Data to examine:
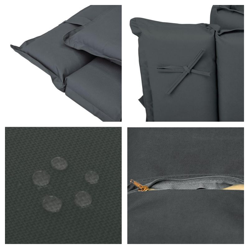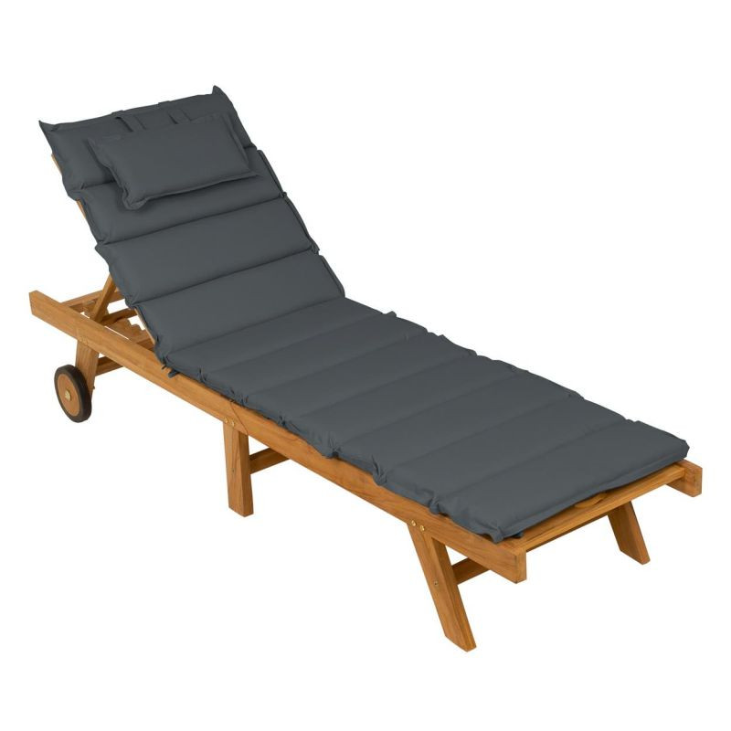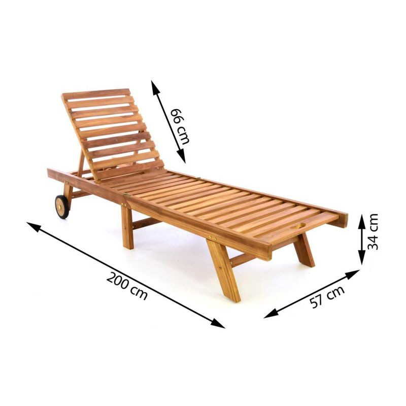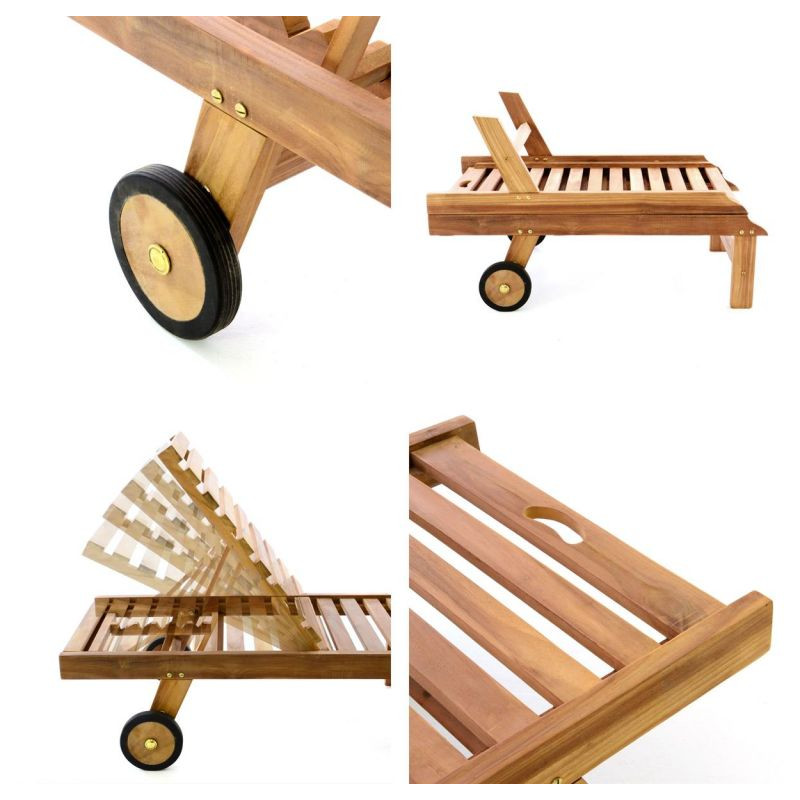 Ležadlo je vyrobené z upraveného teakového dreva s dvomi gumovými kolieskami. Vďaka päťstupňovému nastaviteľnému operadlu sa môžete rýchlo presunúť z polohy ľahu do polohy sedu. Sada obsahuje ľahko udržiavateľnú podložku zo štruktúrovaného polyesteru s 11 segmentmi a vankúšom pre pohodlný spánok. Poťah je stabilný, vodoodpudivý, umývateľný a odnímateľný pre jemné čistenie. Teakové drevo je veľmi odolné voči poveternostným vplyvom, a je preto ideálne pre vonkajšie použitie. Ležadlo je vyrábané ručne, preto je každý kus originálny.
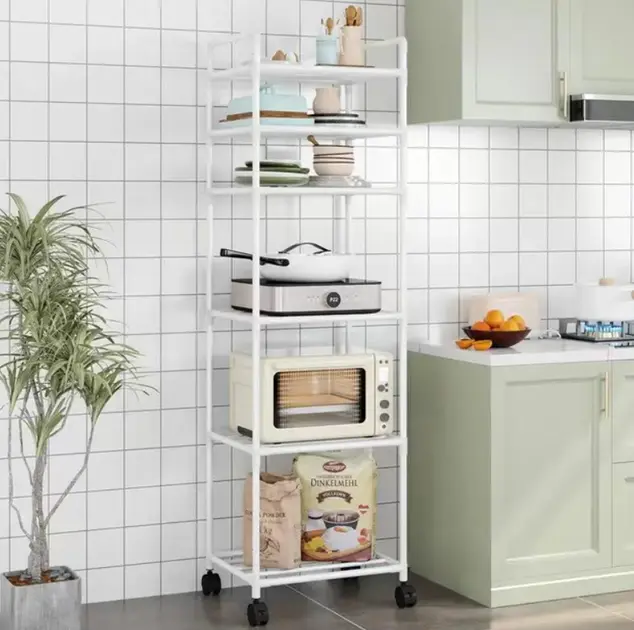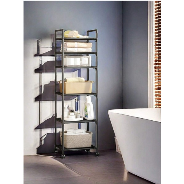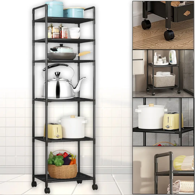 6-рівневий підлоговий стелаж для зберігання з роликами, візок для кухні, ванної кімнати
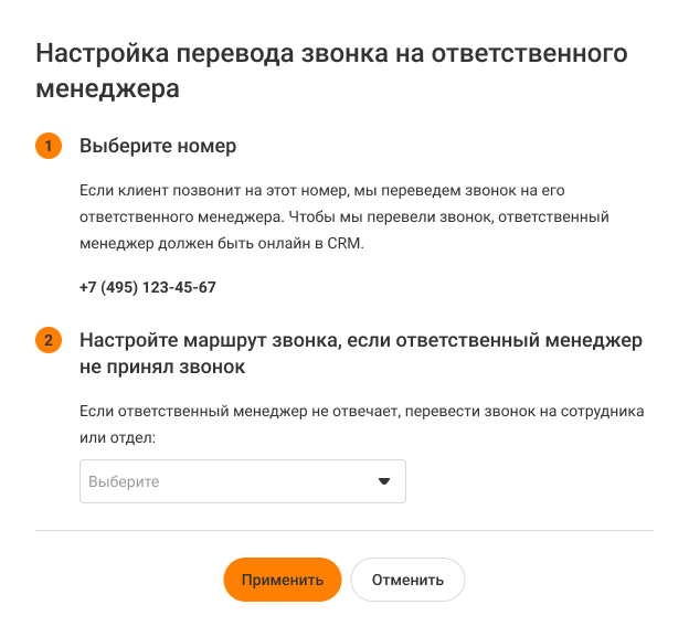 А затем данную опцию: выберите номер и настройте маршрут звонка, если ответственный менеджер не принял звонок. Можно перевести звонок на сотрудника или отдел.
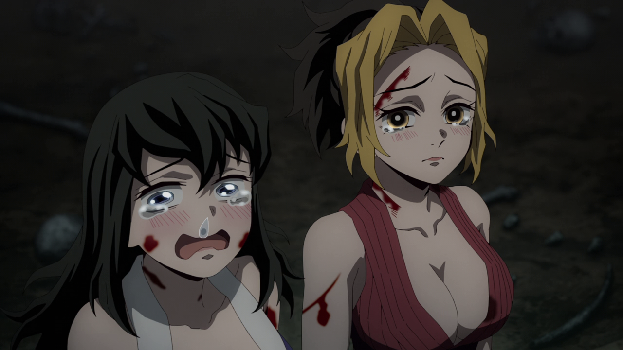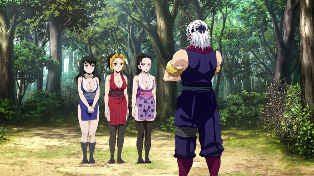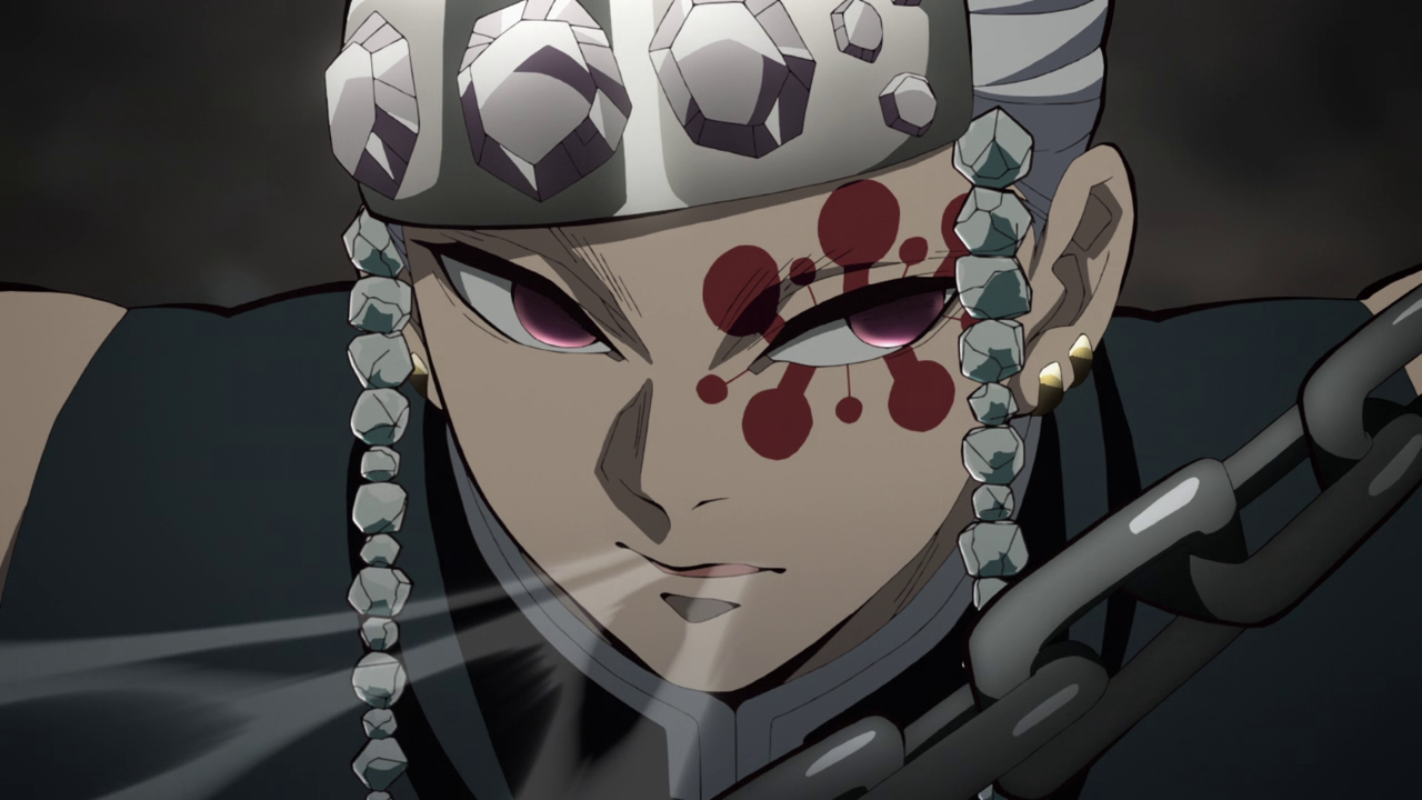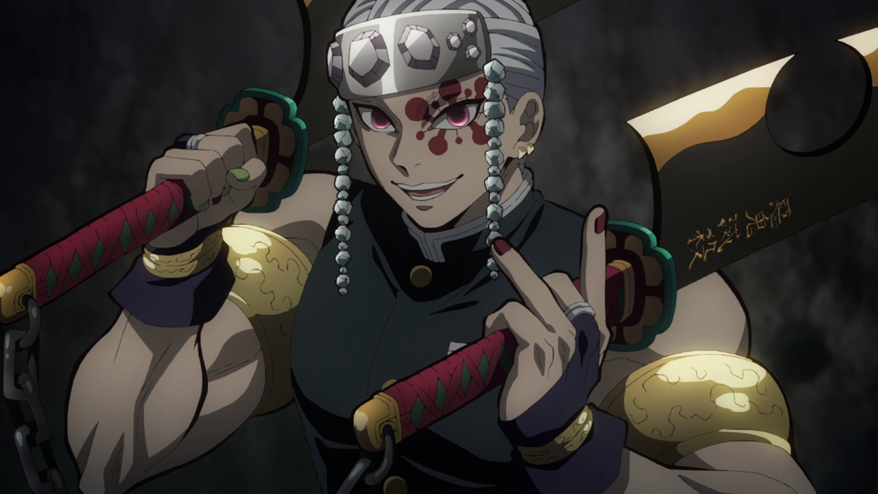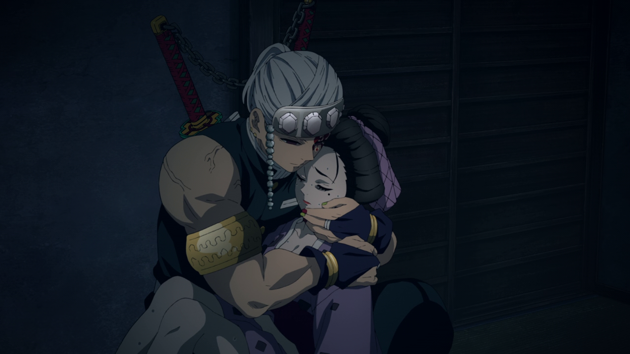 I’m definitely enjoying Tengen a lot more than expected. He was definitely one of the more aggressive Hashira who was pretty set on getting rid of Nezuko during the meeting. However, all of the Hashira have their reasons towards their feelings towards demons and hopefully we get to delve into that a little more with Tengen. From these past few episodes, the guy has been shown to care a lot about others. When he revealed that Zenitsu was captured, his veins were shown popping out of his arms. While he didn’t show it in his expression or words, you could tell that this bothered him quite a bit that it was because of his desperation to save his wives that one of the lower ranked demon slayers was taken. Not to mention that in the flashback with his wives, he told them to worry over their own lives and regular citizens over his own. Just with that comment, you can tell that he’d be willing to give his life if it meant saving others… Just like Rengoku.
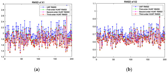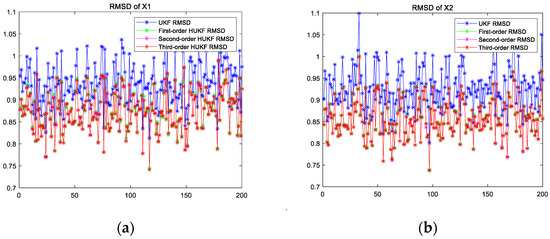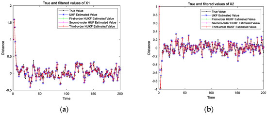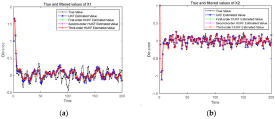 where the state noise and the measurement noise are both uncorrelated white Gaussian noise and obey the following distribution: , , , . The initial values of the system are and . At the same time, the relevant parameters in the Unscented Transformation are set to , , , and . The simulation results are shown in the following figures. Figure 3a,b present the output curves of the true value of state X1 and state X2, the estimated value of the UKF, and the estimated value when the proposed filter is extended to the first and second orders. Figure 4a,b show the estimated error output results of the above filter in state X1 and state X2, respectively. Table 2 shows a comparison of the mean square errors of each filtering method after the system is stabilized.
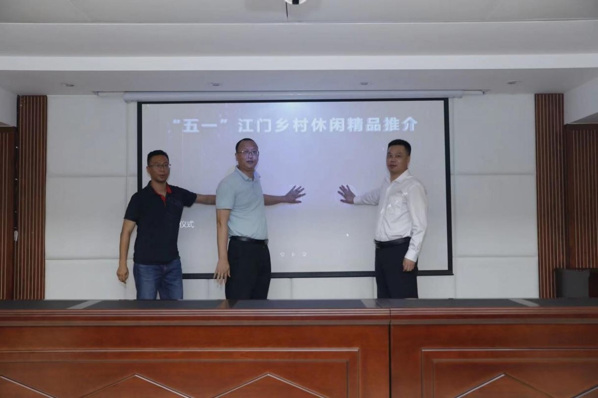 其后,江门农业农村局的副局长赵善和、江门农商银行党委副书记万世平和广东经济科教频道广东社区副主任周密共同启动了“五一”江门乡村休闲精品推介活动。

Directions:
Given the entries above, transcribe exactly the lines from the one holding "6-рівневий підлоговий стелаж" through the one holding "I’m definitely enjoying"; pictures do not belong in the transcription.

Output for this exercise:
 6-рівневий підлоговий стелаж для зберігання з роликами, візок для кухні, ванної кімнати
 А затем данную опцию: выберите номер и настройте маршрут звонка, если ответственный менеджер не принял звонок. Можно перевести звонок на сотрудника или отдел.
 I’m definitely enjoying Tengen a lot more than expected. He was definitely one of the more aggressive Hashira who was pretty set on getting rid of Nezuko during the meeting. However, all of the Hashira have their reasons towards their feelings towards demons and hopefully we get to delve into that a little more with Tengen. From these past few episodes, the guy has been shown to care a lot about others. When he revealed that Zenitsu was captured, his veins were shown popping out of his arms. While he didn’t show it in his expression or words, you could tell that this bothered him quite a bit that it was because of his desperation to save his wives that one of the lower ranked demon slayers was taken. Not to mention that in the flashback with his wives, he told them to worry over their own lives and regular citizens over his own. Just with that comment, you can tell that he’d be willing to give his life if it meant saving others… Just like Rengoku.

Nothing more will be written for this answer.